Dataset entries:

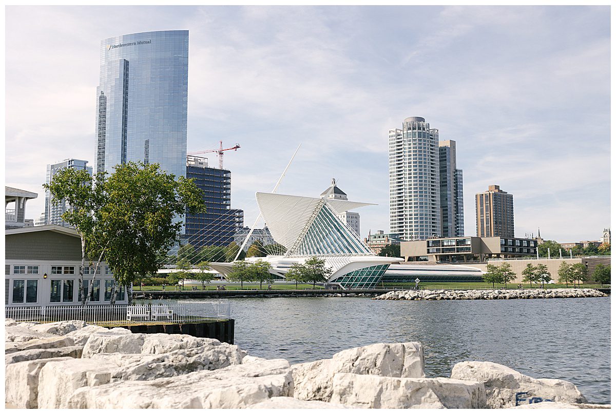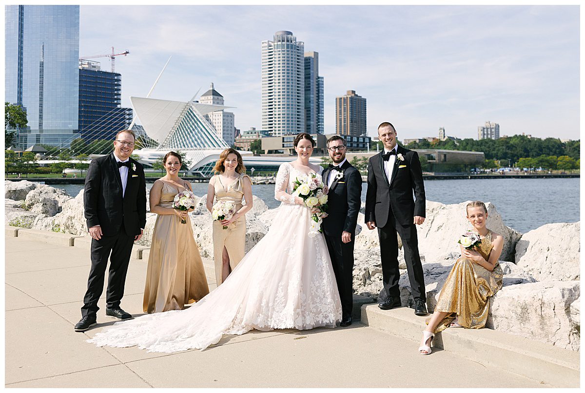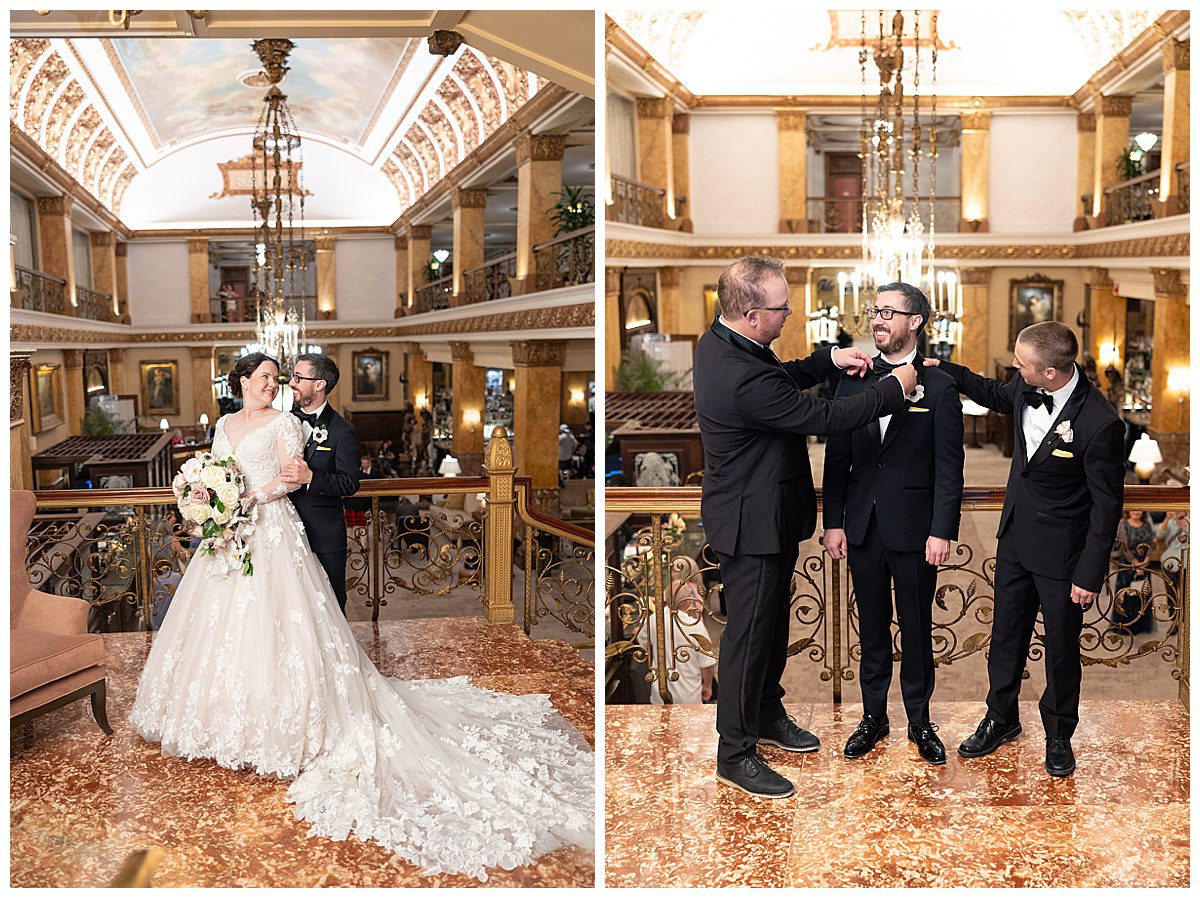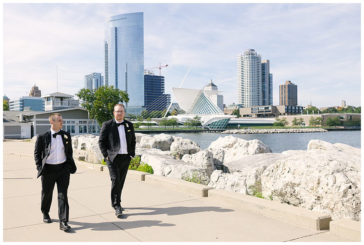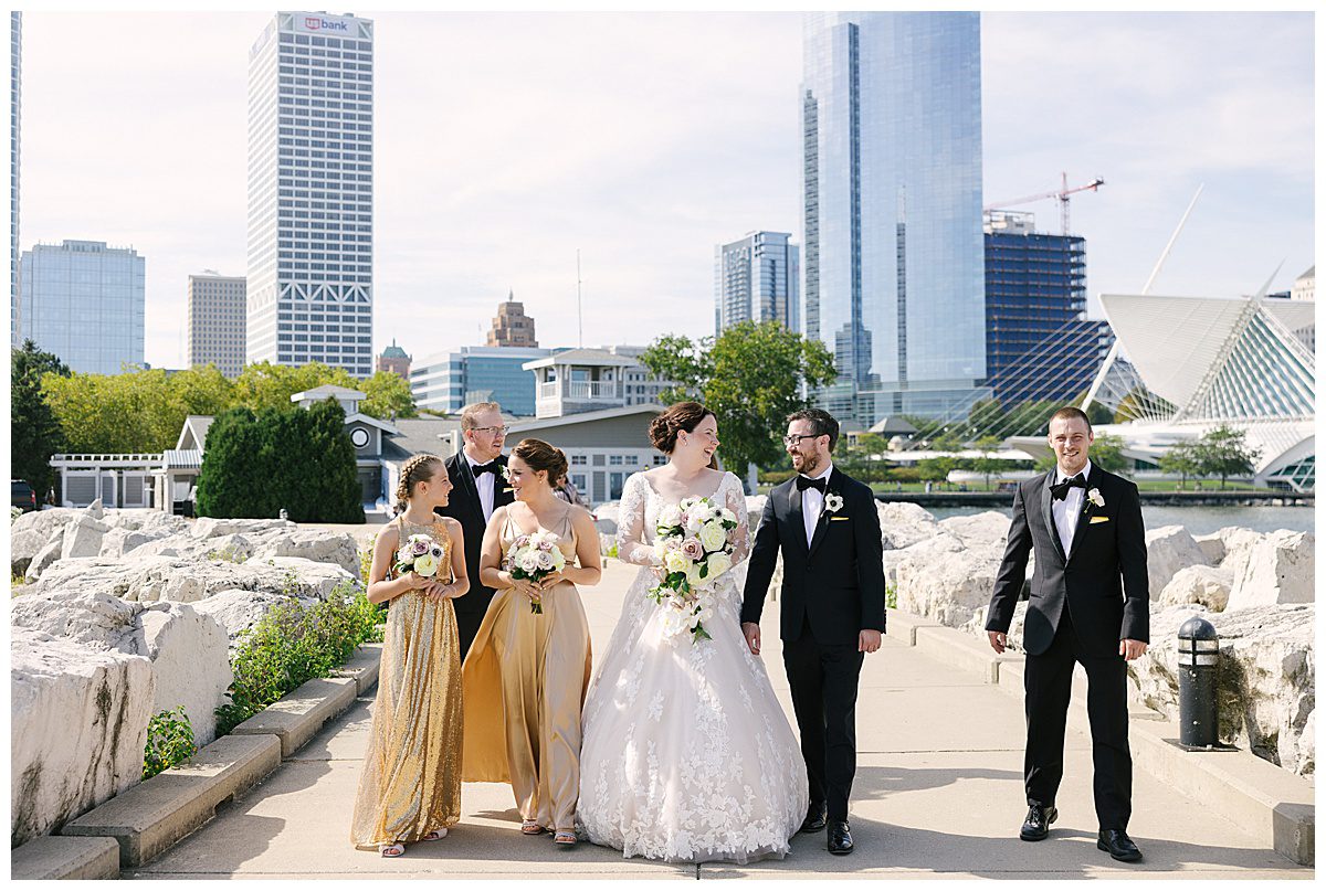 Laura & Jay were married on the kind of blue sky Milwaukee day that Wisconsinites dream of in winter. It was nearly fall so Laura wore gorgeous sleeves and Jay’s classic tuxedo (with a playful pop of color on the pocket square) fit in perfectly at the Historic Pfister Hotel where they hosted their ceremony & reception. But those style details also managed to contrast delightfully with a bridal party stop at Jay’s favorite place in Milwaukee, his home away from, The Nomad. The two of them kept the bridal party small which meant they could keep their connections and conversation deep and we loved how their people where 100% there for them all day and night. Very little of their day was scripted, but instead it unfolded with laughter and tears and remembrances, with tributes, twirls and heartfelt toasts. Ready to smile? Okay then, let’s jump into Laura & Jay’s sweetest day ~
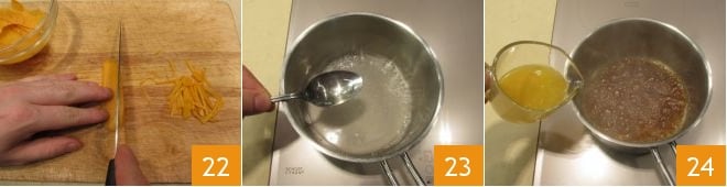 e corte-as em tiras muito finas 22. Dedique-se ao molho derretendo o açúcar junto com a água em fogo baixíssimo 23: você deve atingir a temperatura de 166° medindo com um termômetro de cozinha e a esse ponto despeje o suco de laranja coado 24;
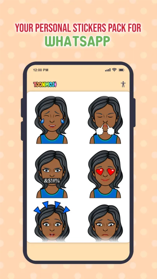 Make your own toon avatar stickers. Download and use it on Whatsapp and Snapchat
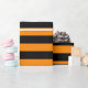 Um papel de embalagem projetado com um padrão listrado preto e laranja em tamanho grande. Personalize a cor laranja de uma maneira fácil.
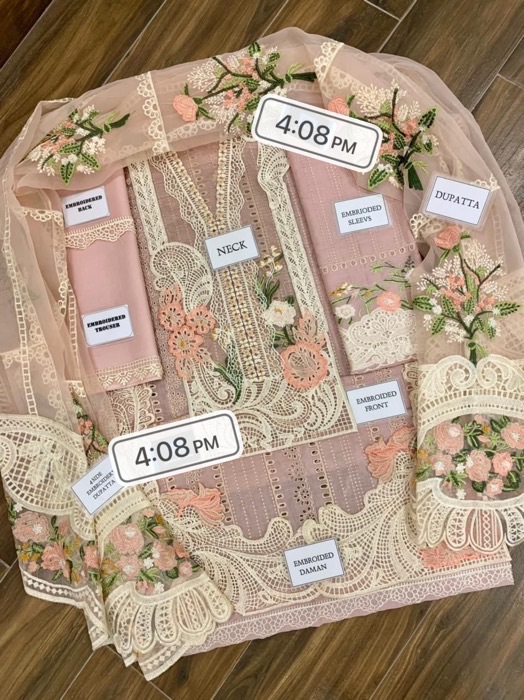 The plain lawn back ensures comfort, while the heavy embroidered back daman border maintains elegance and consistency in design.
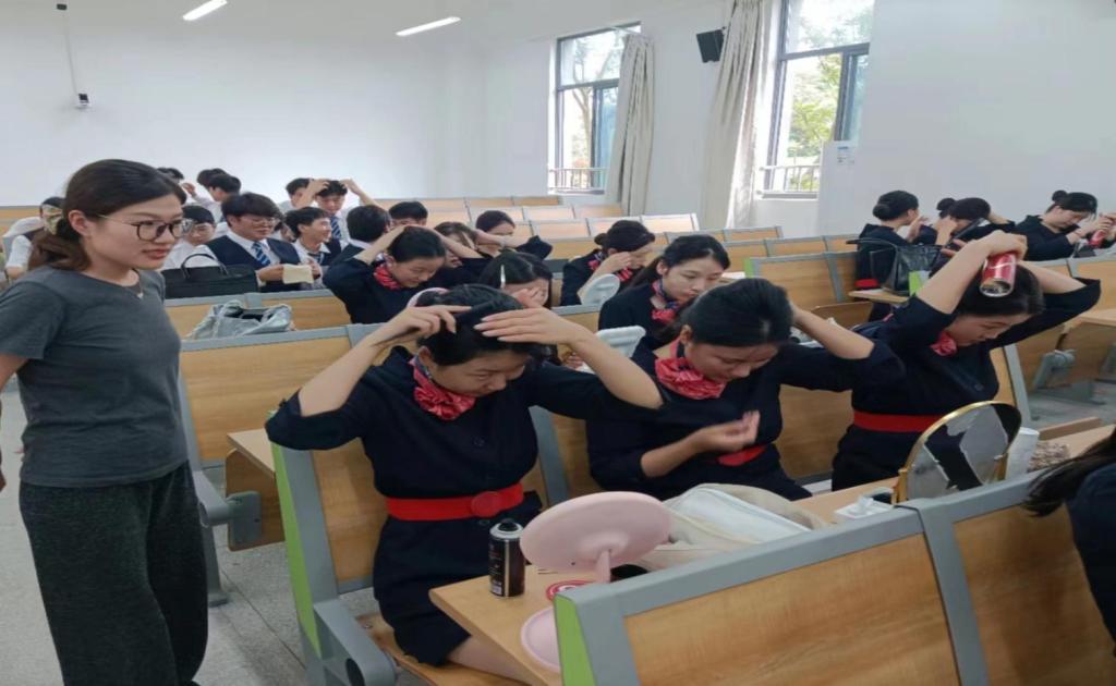 6月19日,管理与信息学院举办首届“技能比拼展风采,妆点魅力示形象”空乘职业形象化妆比赛,23空乘专业全体学生参加比赛。交通运输系主任邢桂先,空乘专业负责人邵明莉、空乘专业副主任潘莲莲等专业教师担任评委。

WORK ITEM
When you reach the line containing "e corte-as em" in the entries above, begin restating word for word, and stop once the line containing "Make your own" has been given. Omit the pictures.

OUTPUT OF THE TASK
 e corte-as em tiras muito finas 22. Dedique-se ao molho derretendo o açúcar junto com a água em fogo baixíssimo 23: você deve atingir a temperatura de 166° medindo com um termômetro de cozinha e a esse ponto despeje o suco de laranja coado 24;
 Make your own toon avatar stickers. Download and use it on Whatsapp and Snapchat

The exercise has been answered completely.